So – here are some words to inspire you to make a change today: Every change, on every level, starts with a person at a time deciding to take the lead. So, take the lead in your life…
I am not saying one book will spur you to become a different person but challenging yourself to read and dive into alternative ways to approach obstacles in your life can really help stretch your mind, body and soul and give you inner strength that can come in handy when you are ready to make some major decisions in your life. Muscle memory isn’t just about one’s physical body — the more you use your mind and get comfortable with being uncomfortable, the easier certain things will become –and you are ready for the new challenges that await!
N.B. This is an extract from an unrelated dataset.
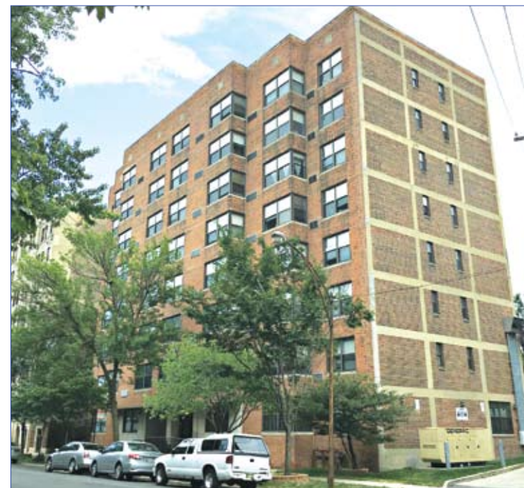
Levy House, 1221 W. Sherwin
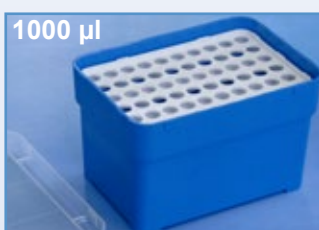
Cat. No.: 974 280

Today’s workout was a doozy for me. I feel worn out from it and about halfway into it, my mind started to taunt me. Seriously, taunt me. My asthma was like hey, remember me<hack, hack> and my body was like ouch, this hurts –how many minutes do we have to do this? But I fought through it one rep at a time!
15 min AMRAP
- 10 box Jumps
- 7 Hang Power Cleans (65#)
- 7 Push Presses
total rounds: 7+4 reps
We did this similar WOD back on August 9 — and I see improvement so it’s a win today in my book!
Are you Just Keeping the Lights On in Life?
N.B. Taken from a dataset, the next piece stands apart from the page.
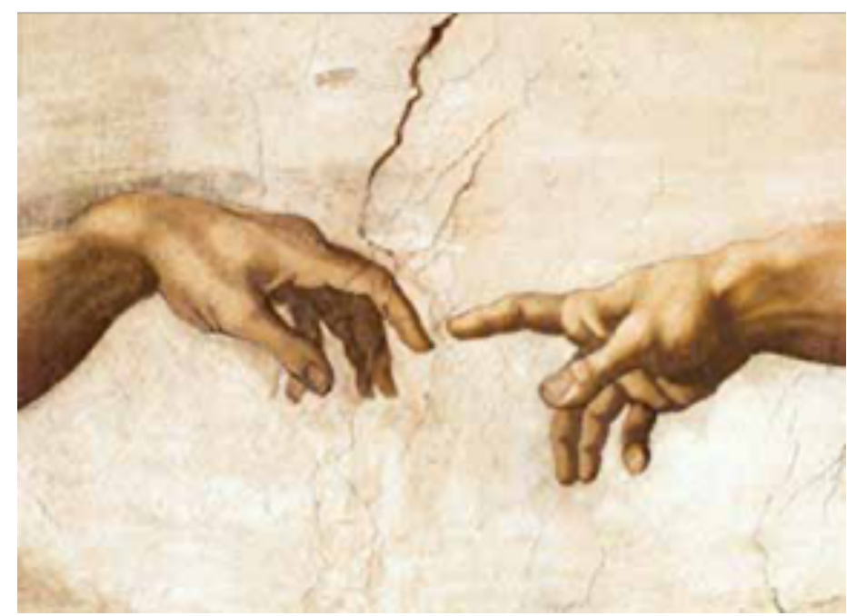
Creation of Adam by Michelangelo, Sistine Chapel
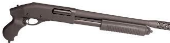
Remington 870 Police Magnum (pictured above)

Manufacturer Description: The Remington 870 Police Magnum pump-action shotgun is a rugged 12-gauge with a short, tactical 18” barrel backed by a stout 3” chamber. The all-matte black gun is Parkerized for generalized durability and rust-resistance. Both the pump action forend and stock are robust and tough synthetic.

I want to share what a dear friend of mine shared with me yesterday about something she was told in the recent weeks about the work she does. It really rang true for me and I think it’s really indicative of where so many of us find ourselves stuck in right now.
It was a high level, executive meeting and the goals of the organization were being discussed. She noticed that the large majority of work she was focused on was not aligned with the goals laid out –and she mentioned it. Someone told her “That’s ok, there has to be someone who keeps the lights on.” It was said as if that was ok — and other co-workers quickly piped in to agree as if to say “yeah, the machine has to keep running.”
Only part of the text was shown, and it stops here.